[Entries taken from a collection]
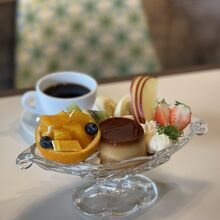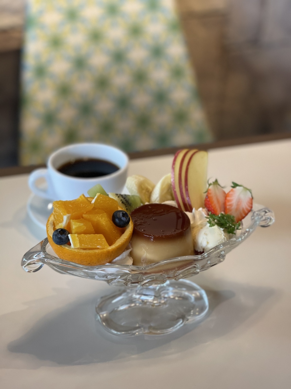 プリンアラモードとコーヒーを注文。テーブル上にある呼び出し端末でスタッフを呼ぶシステム。特筆する味ではないが立地良くゆっくりできるのは良い。
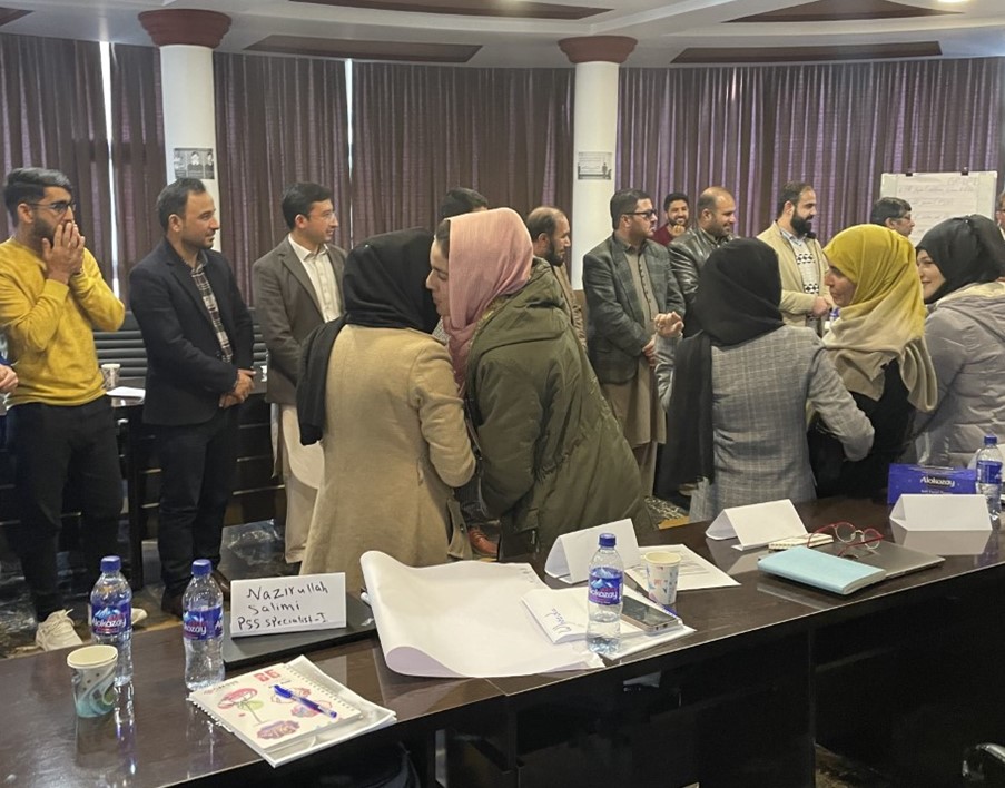 We next held a training on Psychological First Aid. This was a 2-day training session following requests from some of the national MHPSS organisations. This again brought up harrowing stories, some including children. We heard many first-hand accounts of dealing with emergency situations such as the recent earthquake, blasts and the chaos of August 2021 when the Taliban came to Kabul.
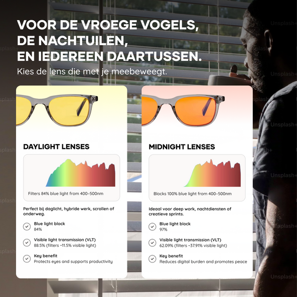 Onze blauwlichtbrillen bieden wetenschappelijk bewezen bescherming voor uw ogen en uw slaap. Ze zijn ideaal voor iedereen die veel tijd voor schermen doorbrengt, zowel overdag als 's avonds.
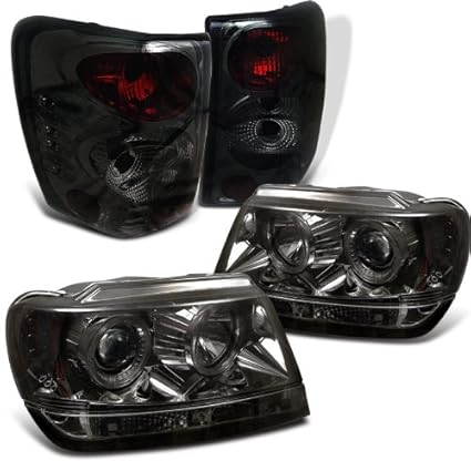 Jeep Grand Cherokee 1999 2004 Smoked Halo Projector Headlights And Led Tail Lights
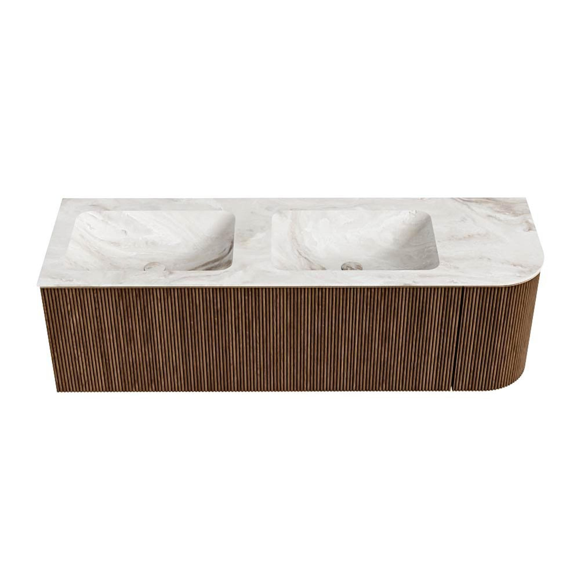 MONDIAZ KURVE-DLUX 145cm badmeubel met module 25 R kleur Walnut met 1 lade en 1 deur. Wastafel LEAF dubbel / links 2 kraangaten kleur Frappe.
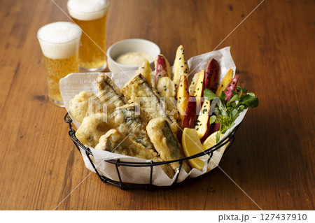 かご盛りしたフィッシュ&さつまいもチップス
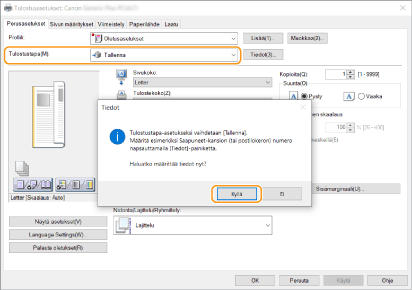 Valitse [Tallenna] kohdassa [Tulostustapa] ja valitse sitten [Yes].
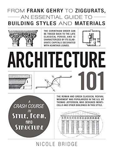 Architecture 101: From Frank Gehry to Ziggurats, an Essential Guide to Building Styles and Materials is a broad but shallow overview of architectural history. The cover illustrations suggest that the text will be accompanied by explanatory line drawings, but there are very few; and the few there are are not clearly labeled. Read this book with your phone, tablet, or laptop in hand so you can Google architects and building styles as you go.
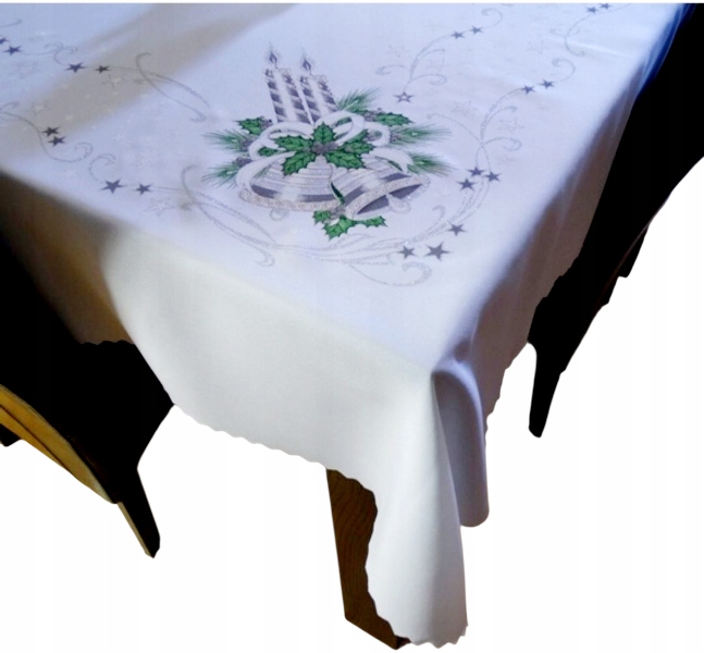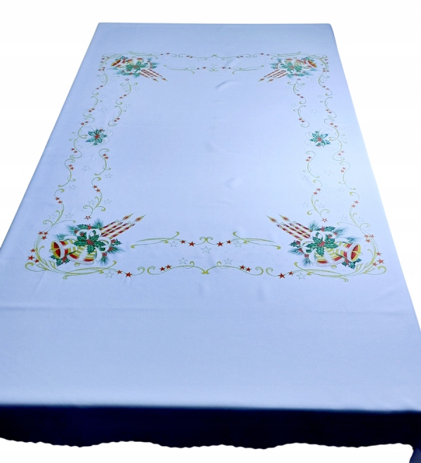 Элегантная БЕЛАЯ Рождественская грязеотталкивающая скатерть с очень красивым рисунком. Он покрыт слоем тефлона, который предотвращает впитывание жидкостей в структуру материала. Представленные скатерти изготовлены тщательно и аккуратно.
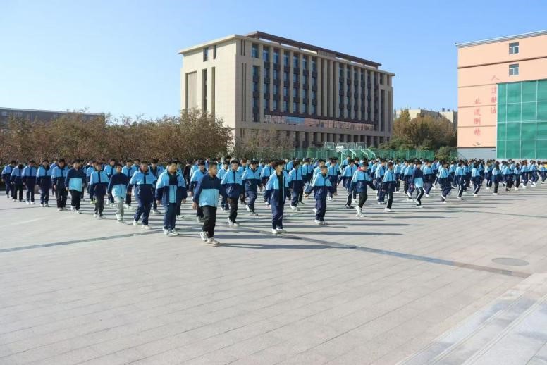 晨曦初露,校园尚朦胧,主教学楼静静矗立。同学们陆续汇聚教学楼下准备跑操,王泽坤老师身姿挺拔地站在队伍前,目光温和关切。他深知凉意袭人,一边高声叮嘱同学们多添衣裳、搓手取暖,一边示范热身动作。随着哨响,跑操开始,同学们步伐整齐,口号响亮,王老师矫健地跟随队伍,时刻关注着同学们的状态。有同学鞋带松开,他迅速提醒;有同学面露疲态,他跑去鼓励。在他的关怀下,同学们顺利跑完,校园开启活力满满的一天。

_What the task requires_. Except for the pictures, copy every line of the records above exactly.

_Finished task_.
 プリンアラモードとコーヒーを注文。テーブル上にある呼び出し端末でスタッフを呼ぶシステム。特筆する味ではないが立地良くゆっくりできるのは良い。
 We next held a training on Psychological First Aid. This was a 2-day training session following requests from some of the national MHPSS organisations. This again brought up harrowing stories, some including children. We heard many first-hand accounts of dealing with emergency situations such as the recent earthquake, blasts and the chaos of August 2021 when the Taliban came to Kabul.
 Onze blauwlichtbrillen bieden wetenschappelijk bewezen bescherming voor uw ogen en uw slaap. Ze zijn ideaal voor iedereen die veel tijd voor schermen doorbrengt, zowel overdag als 's avonds.
 Jeep Grand Cherokee 1999 2004 Smoked Halo Projector Headlights And Led Tail Lights
 MONDIAZ KURVE-DLUX 145cm badmeubel met module 25 R kleur Walnut met 1 lade en 1 deur. Wastafel LEAF dubbel / links 2 kraangaten kleur Frappe.
 かご盛りしたフィッシュ&さつまいもチップス
 Valitse [Tallenna] kohdassa [Tulostustapa] ja valitse sitten [Yes].
 Architecture 101: From Frank Gehry to Ziggurats, an Essential Guide to Building Styles and Materials is a broad but shallow overview of architectural history. The cover illustrations suggest that the text will be accompanied by explanatory line drawings, but there are very few; and the few there are are not clearly labeled. Read this book with your phone, tablet, or laptop in hand so you can Google architects and building styles as you go.
 Элегантная БЕЛАЯ Рождественская грязеотталкивающая скатерть с очень красивым рисунком. Он покрыт слоем тефлона, который предотвращает впитывание жидкостей в структуру материала. Представленные скатерти изготовлены тщательно и аккуратно.
 晨曦初露,校园尚朦胧,主教学楼静静矗立。同学们陆续汇聚教学楼下准备跑操,王泽坤老师身姿挺拔地站在队伍前,目光温和关切。他深知凉意袭人,一边高声叮嘱同学们多添衣裳、搓手取暖,一边示范热身动作。随着哨响,跑操开始,同学们步伐整齐,口号响亮,王老师矫健地跟随队伍,时刻关注着同学们的状态。有同学鞋带松开,他迅速提醒;有同学面露疲态,他跑去鼓励。在他的关怀下,同学们顺利跑完,校园开启活力满满的一天。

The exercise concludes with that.